### Work order
The output should match, line for line, the records from the line containing "寺庙等宗教活动场所的屋脊或廊" through the line containing "White stone Moroccan platter dome", with every picture left out.

━━ Records for this exercise ━━

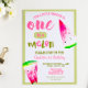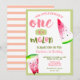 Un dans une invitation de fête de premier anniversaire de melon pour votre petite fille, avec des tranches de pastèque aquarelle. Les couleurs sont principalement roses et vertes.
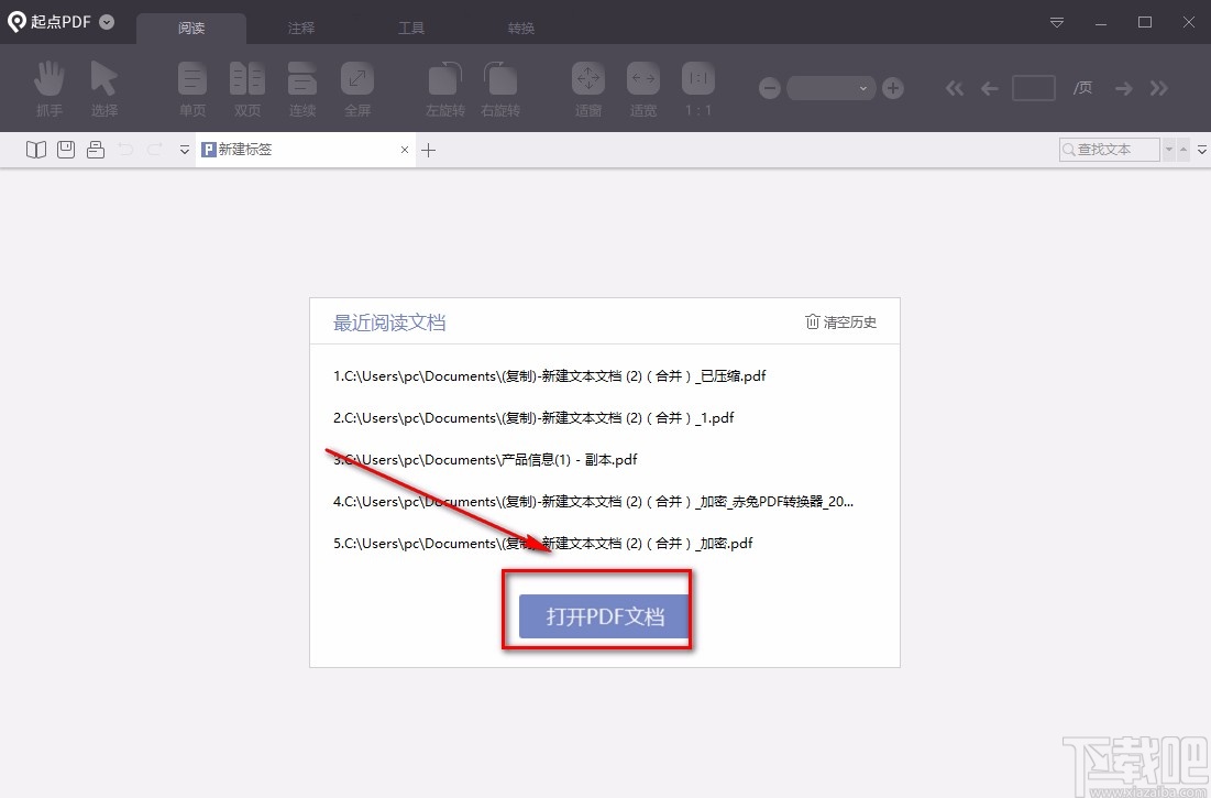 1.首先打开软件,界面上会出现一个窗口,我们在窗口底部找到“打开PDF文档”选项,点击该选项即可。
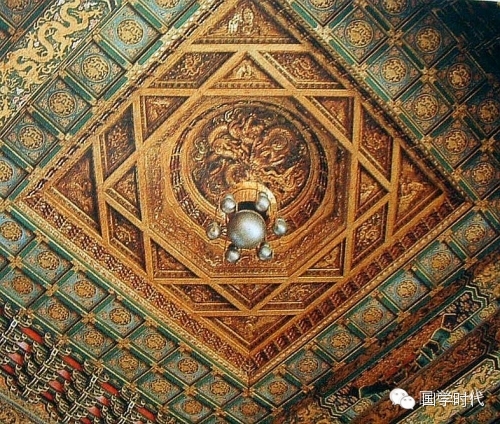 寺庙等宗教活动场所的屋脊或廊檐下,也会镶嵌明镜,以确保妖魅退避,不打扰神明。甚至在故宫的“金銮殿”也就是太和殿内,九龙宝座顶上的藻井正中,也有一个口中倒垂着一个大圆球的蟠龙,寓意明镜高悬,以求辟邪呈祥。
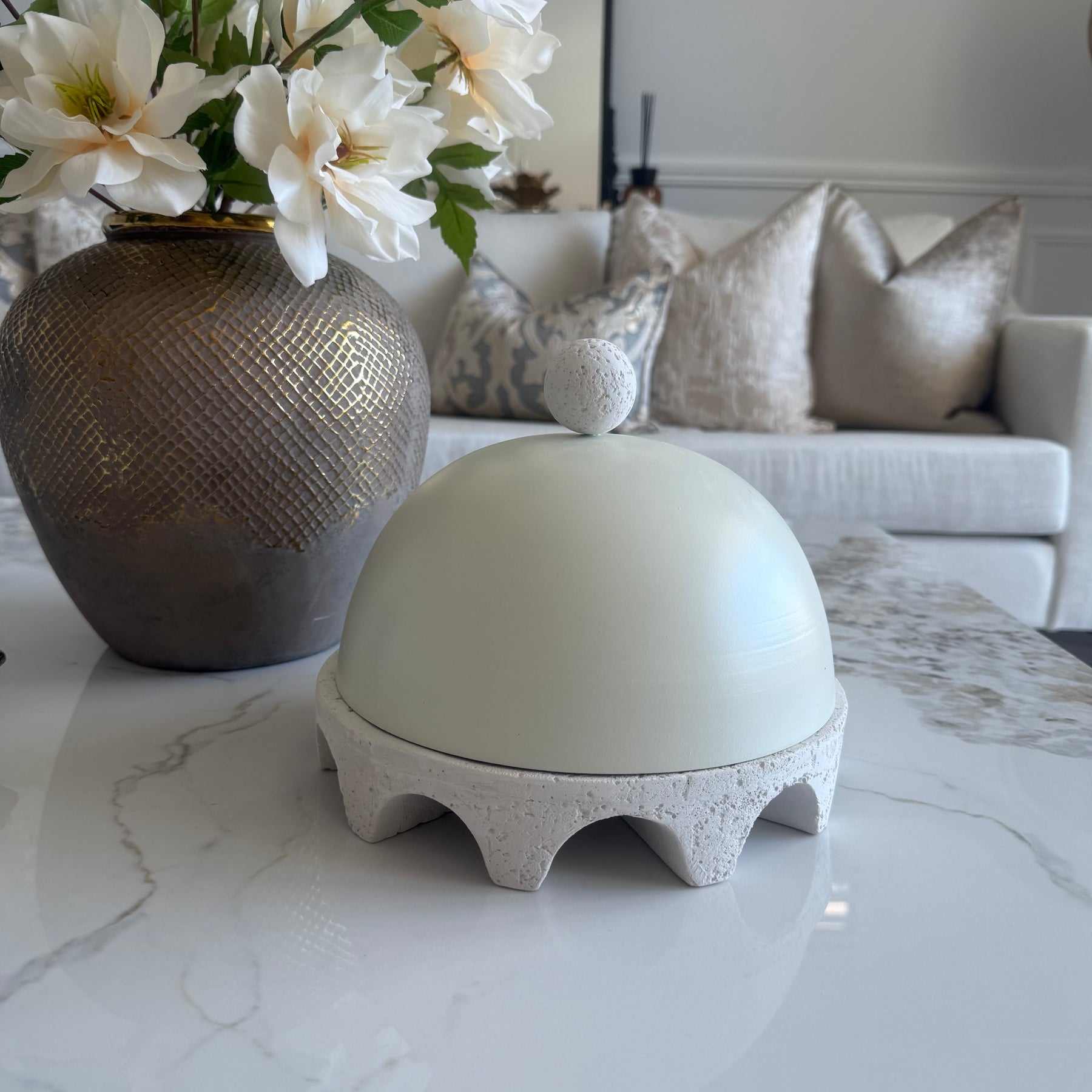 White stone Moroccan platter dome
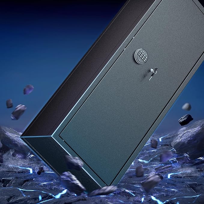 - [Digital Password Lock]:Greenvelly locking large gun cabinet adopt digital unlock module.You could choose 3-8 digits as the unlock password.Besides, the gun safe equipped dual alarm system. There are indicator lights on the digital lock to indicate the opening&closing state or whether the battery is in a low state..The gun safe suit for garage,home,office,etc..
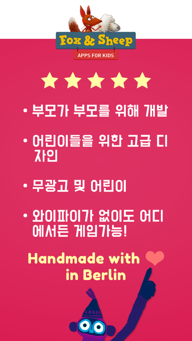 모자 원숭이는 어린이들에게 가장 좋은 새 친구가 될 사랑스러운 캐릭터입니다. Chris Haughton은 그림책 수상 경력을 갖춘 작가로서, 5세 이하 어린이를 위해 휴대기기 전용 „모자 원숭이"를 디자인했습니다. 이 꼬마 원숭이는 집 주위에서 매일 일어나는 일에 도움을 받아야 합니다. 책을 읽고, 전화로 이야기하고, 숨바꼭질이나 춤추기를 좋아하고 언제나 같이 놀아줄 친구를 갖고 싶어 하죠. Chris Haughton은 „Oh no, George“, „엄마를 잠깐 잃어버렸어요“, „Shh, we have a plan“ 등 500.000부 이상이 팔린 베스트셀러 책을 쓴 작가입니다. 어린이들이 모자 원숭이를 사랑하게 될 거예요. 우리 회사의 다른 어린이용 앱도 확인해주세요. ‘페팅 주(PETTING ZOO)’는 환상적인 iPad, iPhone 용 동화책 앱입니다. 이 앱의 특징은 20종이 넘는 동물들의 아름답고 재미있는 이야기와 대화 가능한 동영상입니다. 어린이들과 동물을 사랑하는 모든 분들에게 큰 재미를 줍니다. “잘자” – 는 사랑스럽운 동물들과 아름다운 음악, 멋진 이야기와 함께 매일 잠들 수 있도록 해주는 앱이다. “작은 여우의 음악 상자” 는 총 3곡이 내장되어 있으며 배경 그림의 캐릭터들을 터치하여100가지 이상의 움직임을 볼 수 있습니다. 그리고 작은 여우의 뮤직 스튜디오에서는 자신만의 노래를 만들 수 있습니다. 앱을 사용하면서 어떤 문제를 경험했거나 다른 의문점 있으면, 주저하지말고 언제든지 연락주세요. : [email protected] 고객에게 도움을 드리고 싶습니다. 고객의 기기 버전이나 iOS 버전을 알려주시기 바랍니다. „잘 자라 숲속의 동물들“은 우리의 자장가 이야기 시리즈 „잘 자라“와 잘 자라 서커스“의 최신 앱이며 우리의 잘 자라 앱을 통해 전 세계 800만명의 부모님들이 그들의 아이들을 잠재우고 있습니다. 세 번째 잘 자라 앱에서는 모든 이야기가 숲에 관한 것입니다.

━━━
━━ Records for this exercise ━━

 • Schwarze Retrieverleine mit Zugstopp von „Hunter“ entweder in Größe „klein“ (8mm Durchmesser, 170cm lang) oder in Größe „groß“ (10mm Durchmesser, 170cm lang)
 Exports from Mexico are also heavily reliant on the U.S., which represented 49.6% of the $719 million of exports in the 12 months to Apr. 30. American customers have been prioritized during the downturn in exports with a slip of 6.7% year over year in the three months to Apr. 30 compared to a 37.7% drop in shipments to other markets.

━━━

### Task solution
 寺庙等宗教活动场所的屋脊或廊檐下,也会镶嵌明镜,以确保妖魅退避,不打扰神明。甚至在故宫的“金銮殿”也就是太和殿内,九龙宝座顶上的藻井正中,也有一个口中倒垂着一个大圆球的蟠龙,寓意明镜高悬,以求辟邪呈祥。
 White stone Moroccan platter dome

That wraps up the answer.